Police finds Dowager countess of Lucan Lady Veronica dead at London home

Lady Lucan was found dead on Monday at her home in Belgravia where her husband Lord Lucan famously vanished 43 years ago after bludgeoning their nanny to death.
The 80-year-old aristocrat was reported missing by a friend yesterday afternoon after she failed to appear in Green Park, where she walked every day at the same time.

Police battered down the door of her mews house in central London to find Veronica, the Dowager Countess of Lucan, dead.

Her death was being treated as unexplained, with police still trying to establish the circumstances.

Her son George, who took his father’s title last year, confirmed his mother’s death.

Speaking on Tuesday, he said: “She passed away yesterday at home, alone and apparently peacefully.

“Police were alerted by a companion to a three-day absence and made entry today.”

Lady Lucan was one of the last people to see her husband John Bingham, the 7th Earl of Lucan, alive before he disappeared on the night of November 7, 1974, after bludgeoning to death Sandra Rivett, their children’s nanny, in the mistaken belief that she was his wife.
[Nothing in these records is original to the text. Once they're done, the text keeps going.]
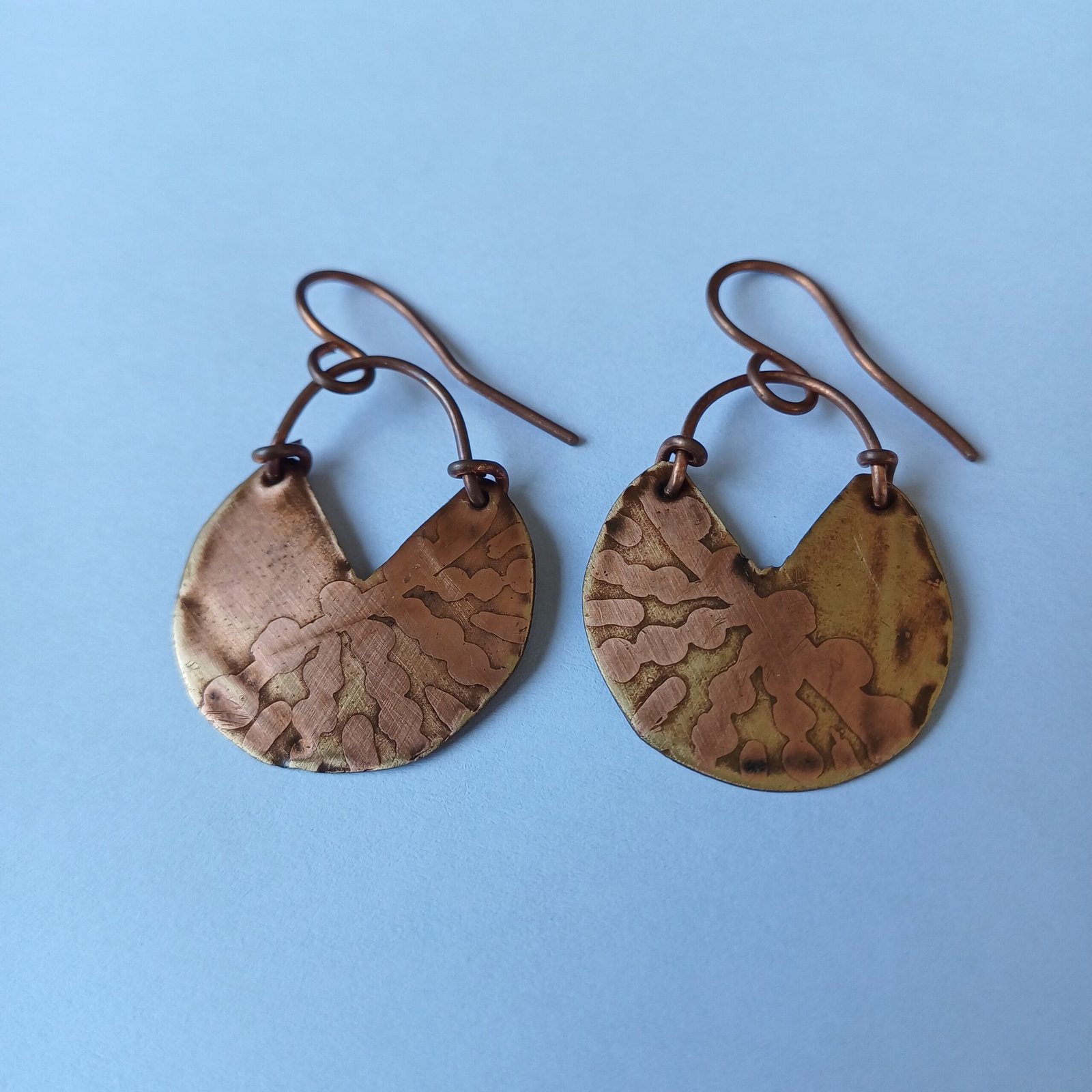 The Earthly Imprint Earrings blend artistry and nature-inspired design into a stunning statement piece. These earrings are crafted from hand-textured copper with organic, freeform patterns imprinted on the surface, giving them a one-of-a-kind, rustic appeal. The crescent-shaped brass backing adds depth and contrast, making these earrings a perfect accessory for bohemian, earthy, or vintage-inspired looks.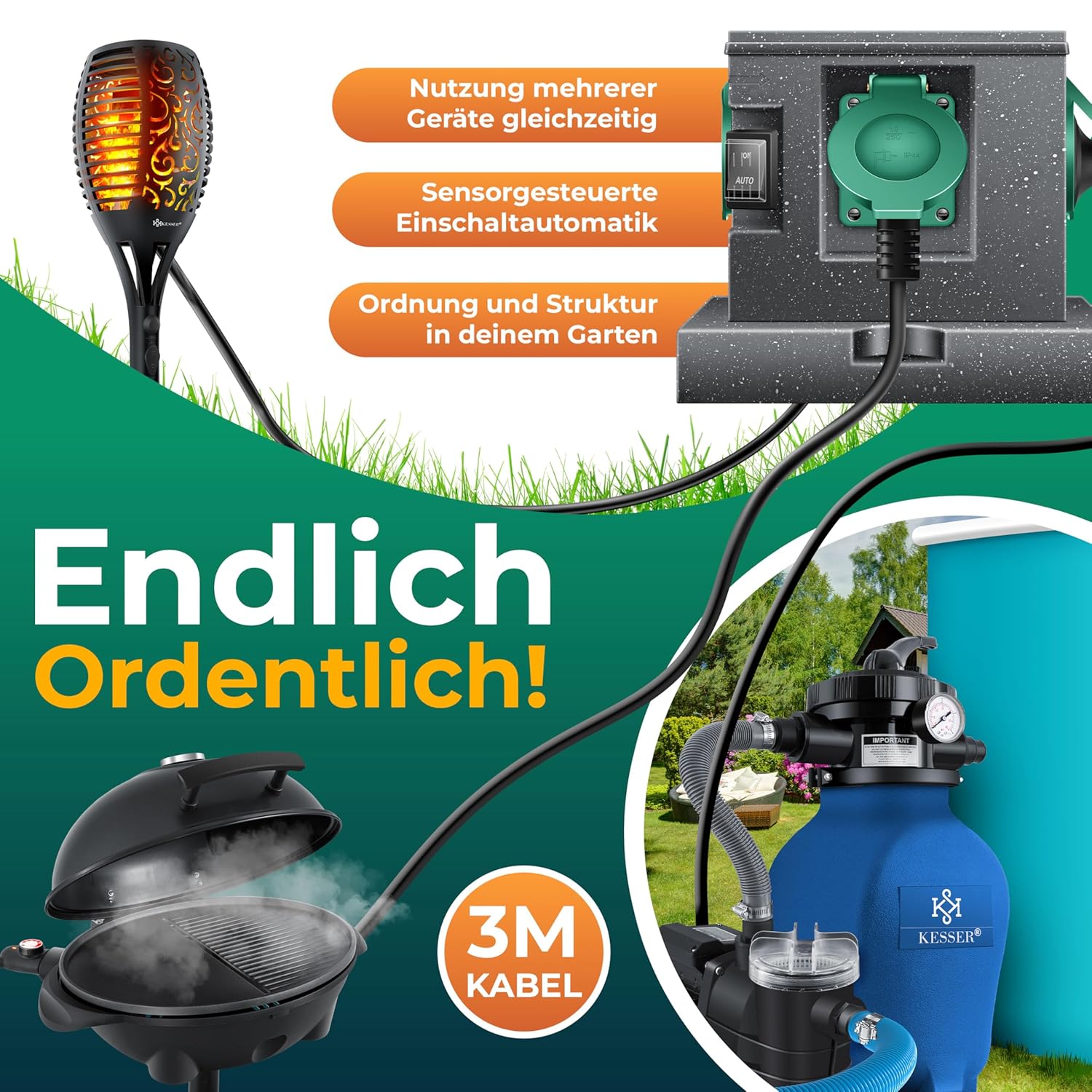 Die KESSER® Gartendose in Steinoptik ist mehr als ein technisches Gerät – sie ist ein Beitrag zu einem schöneren, sichereren und komfortableren Leben im Freien. Sie schenkt Ihnen Zeit, Ruhe und die Freiheit, Ihren Garten so zu nutzen, wie Sie es sich wünschen. Ob für die Familie, die Gäste oder einfach für sich selbst – diese intelligente Outdoor-Steckdose macht jeden Moment im Grünen ein wenig behaglicher, ein wenig heller, ein wenig magischer. Investieren Sie in Qualität, Sicherheit und Design – mit der KESSER® Gartendose, Ihrem zuverlässigen Partner für einen lebendigen Garten.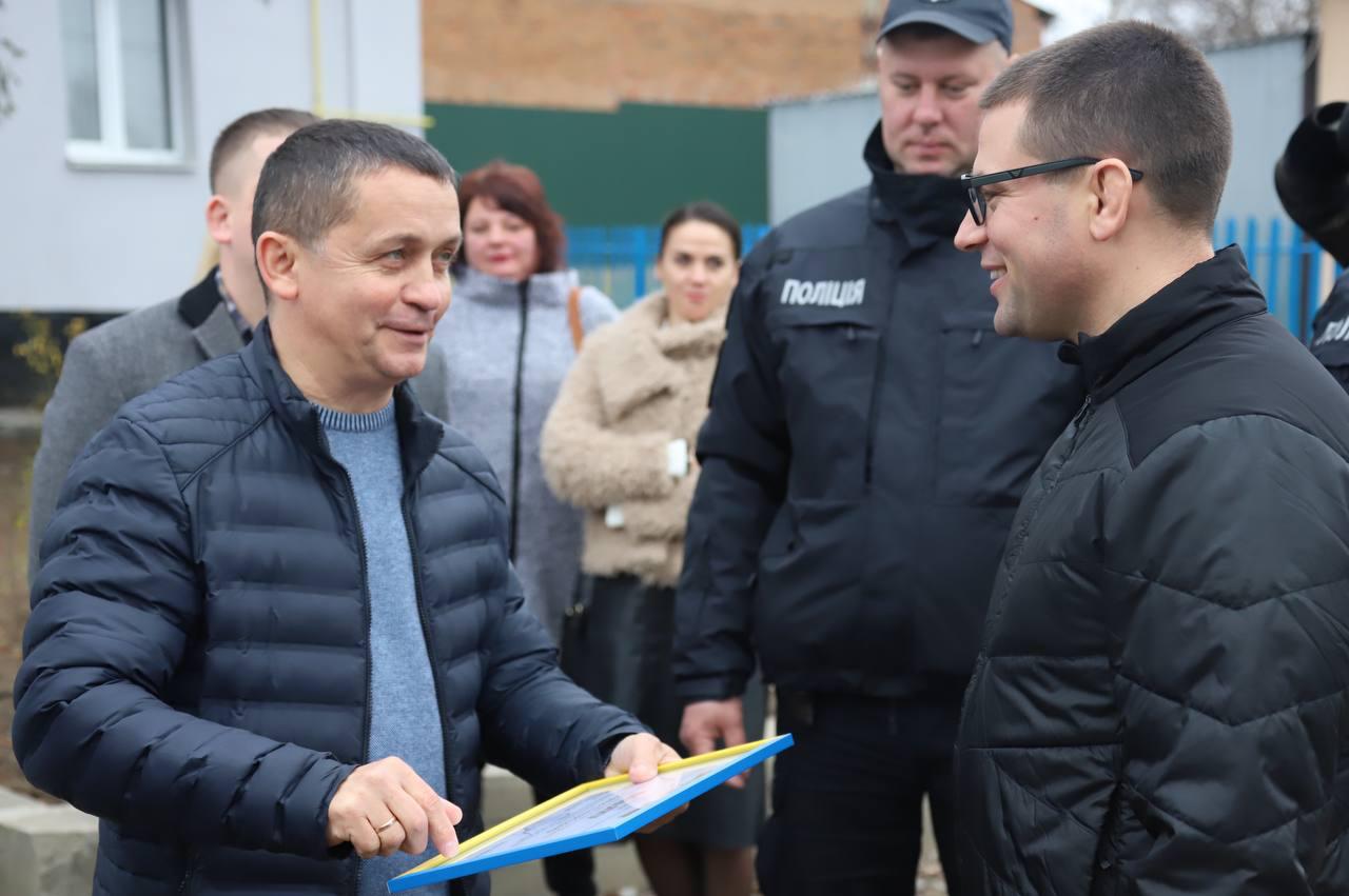 Керівник поліції Вінниччини висловив слова вдячності головам територіальних громад Сергію Сітарському та Віктору Бичкову за плідну співпрацю з органами та підрозділами Національної поліції Вінниччини в рамках проєкту «Поліцейський офіцер громади» та вручив їм подяки.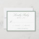 This wedding RSVP card features elegant sage green calligraphy script at the top, paired with classic serif lettering and space for your desired wedding response date. A soft sage green border frames the design, bringing a calm, refined feel to the structured layout. The understated design offers a polished way for guests to reply, making this RSVP card well suited for garden-inspired, modern, and classic wedding celebrations. Personalize the wording to create a response card that feels natural, balanced, and thoughtfully designed.

The countess was in the house watching TV in her bedroom that night when the 29-year-old nanny was killed as she went downstairs to the unlit basement to make her employer a cup of tea.

The countess contends that she disturbed her husband after the fatal assault. He hit her four times with a length of bandaged metal piping before she managed to stop him.
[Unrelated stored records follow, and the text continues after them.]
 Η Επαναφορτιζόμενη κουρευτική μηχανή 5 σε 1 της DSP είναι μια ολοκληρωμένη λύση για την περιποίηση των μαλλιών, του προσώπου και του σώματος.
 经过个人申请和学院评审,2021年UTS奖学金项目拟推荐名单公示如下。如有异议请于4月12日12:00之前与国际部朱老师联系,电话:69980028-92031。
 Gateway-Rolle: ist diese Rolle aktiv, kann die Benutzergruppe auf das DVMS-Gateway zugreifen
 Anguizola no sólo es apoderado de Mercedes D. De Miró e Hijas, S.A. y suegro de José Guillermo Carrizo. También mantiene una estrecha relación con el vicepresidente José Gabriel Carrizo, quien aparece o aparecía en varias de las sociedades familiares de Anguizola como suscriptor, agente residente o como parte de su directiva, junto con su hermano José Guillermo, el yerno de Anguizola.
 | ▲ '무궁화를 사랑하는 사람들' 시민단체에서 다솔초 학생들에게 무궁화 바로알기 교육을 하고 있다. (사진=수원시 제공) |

Then, after she had persuaded her husband to get her a glass of water, she fled to a nearby pub and raised the alarm.

She recalled: “He told me, ‘I’ll go to Broadmoor for this’. Our children George and Camilla were seven and three when it happened, and asleep in bed.”

Lord Lucan fled the murder scene in a car he had borrowed. His body has never been found.

Over the years several fantastical theories about his disappearance have placed him in the Australian outback, as a hippy drop-out in Goa, and even fed to the tigers at his friend John Aspinall’s zoo.

Although a High Court judge granted a death certificate last year allowing his son to inherit his title, this has provided neither resolution nor a conclusion to the mystery.

Lady Lucan remained closer to the truth than anyone and with her death, the possibility of her husband’s disappearance being solved looks ever more remote. She believed that the note he left, with the poignant sentence, ‘Please tell those that you know, that all I cared about was them (the children)’, was proof her husband intended suicide.

That night he called at the home of friends in a Sussex village, before leaving in the early hours. Lucan told them he had happened on an attacker hitting his wife as he passed the family home.

His version of the story was that his wife had accused him of hiring a hitman to kill her and he claimed he was going to ‘lie doggo’ for a while.

Three days later his borrowed car was found abandoned and blood-splattered – with a section of bandaged lead piping in the boot – at the cross-Channel port of Newhaven, East Sussex.

There has been no concrete clue to his whereabouts since. If still alive today, he would be 82.

In an interview earlier this year, Lady Lucan said she believed that ‘he got on a ferry and jumped off mid-Channel, and was chopped up by the propeller – which is why his body was never found’.

She said that as a powerboat racer he had a detailed knowledge of propellers and would have known precisely where to jump so his remains were destroyed.

She had recently written a book about the mystery, telling of her joyless marriage to the professional gambler.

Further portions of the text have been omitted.